From there it’s hermetic builds, content-addressable storage and distributed compilation turtles all the way down. Easy!
Figuring out a crate’s cache key depends on that project’s specific build plan which itself might depend on some environment variables, the version of the current shell… in short once a crate relies on a build.rs
file for compilation (meaning some non-cargo/rustc code from the Internet gets executed on your machine!) all cache key bets are off.
Caching crates should be possible for some (most?) crates, but not these ones anyway.
RUSTC_WRAPPER
setting should help get there. Although looking at sccache
’s caveats…
UPDATE: my attempt: cargo-green
Private code & security
These are the privacy and security concerns I can see from my echo-chamber-slash-comfy-chair:
- Building non-public code / private dependencies
- and not contributing back to the build cache
- Not being able to reconstruct a private project from the cache nor how it accesses the cache
- Asserting a given build artifact was not tempered with
To address these points I see:
- Tooling should separate public from private
- the tools closer to the language have the best semantics
- a private cache should be easy to set up (in any Continuous Integration system)

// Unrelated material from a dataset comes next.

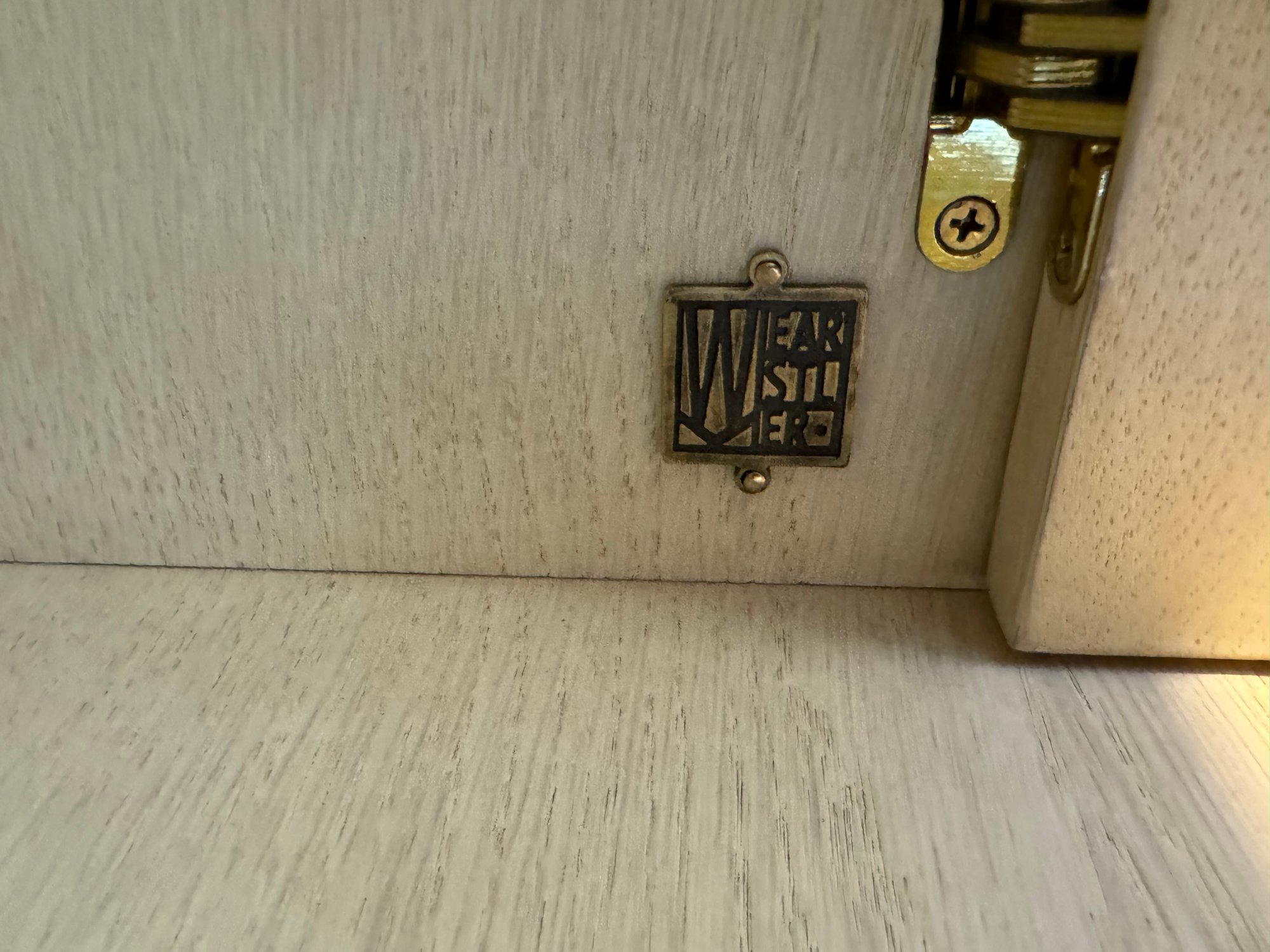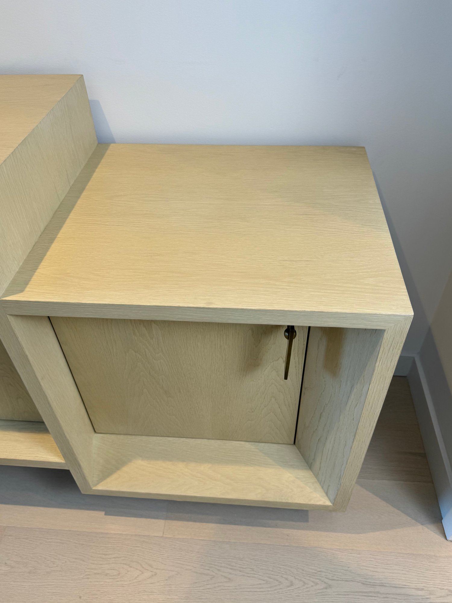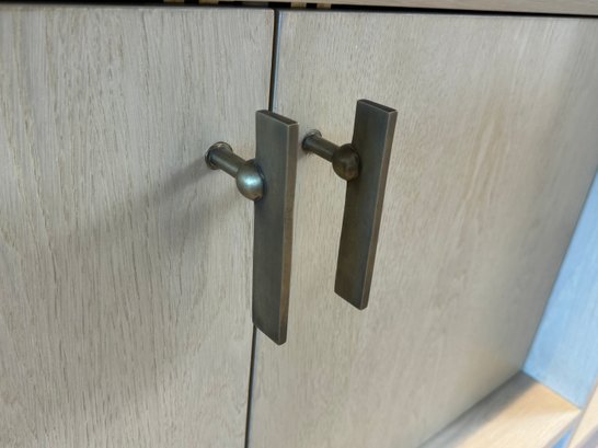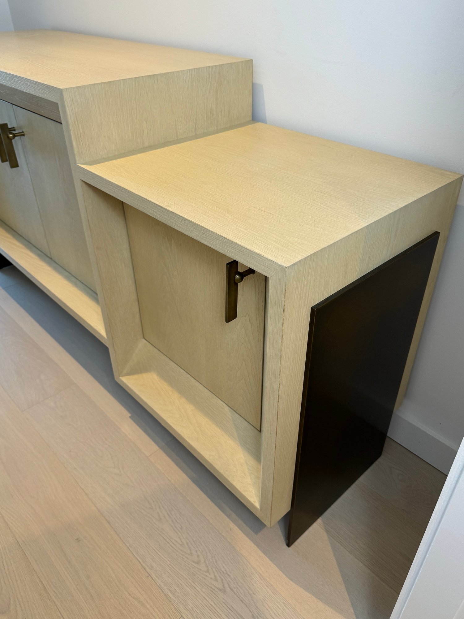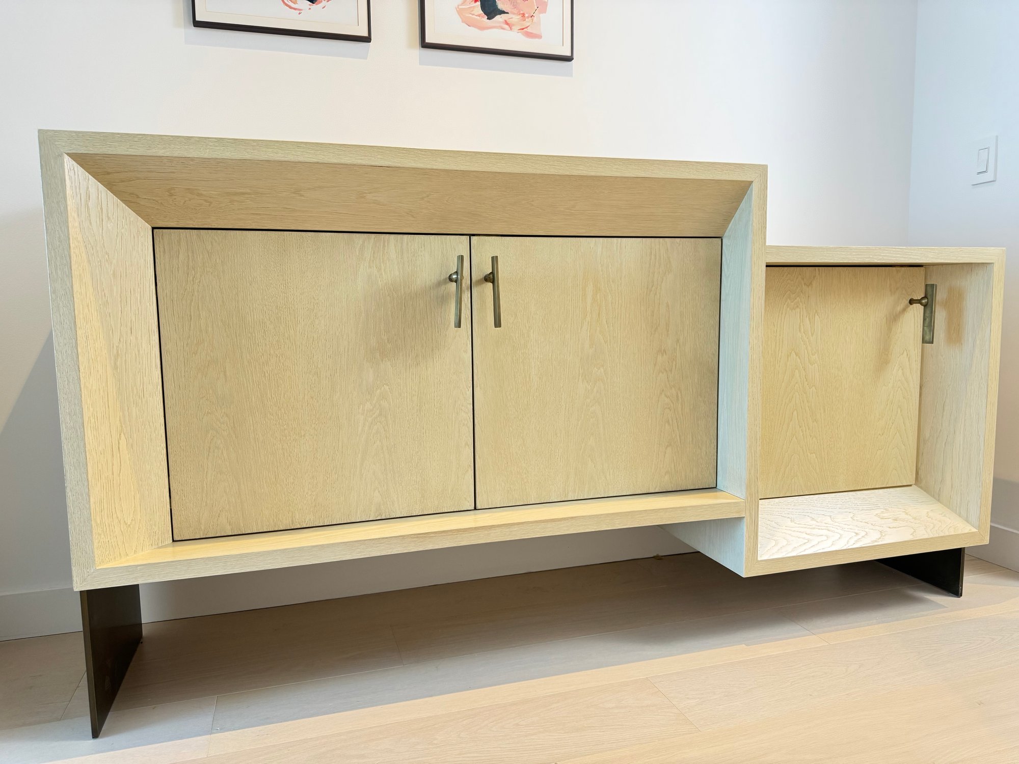 This two-tiered, stunning piece has removable, configurable shelves and measures

- with fallback on the single public cache on misses
- A Merkle tree
- content-addressable storage
- with granular enough blocks (Bittorrent v2 says >=16kiB)
- a dependency would be associated its root hash in the tree and resolve to many blocks
- with numerous enough accesses to hide a single actor’s usage
- Bazil seems related, has good security buzzwords
- it does not seem to be aimed at being a cache (e.g. pruning should be harmless)
- Stochastic re-building / cache pruning
- should provide a reliable way of Proof-of-Work
- by computing builds multiple times (and achieving the same results)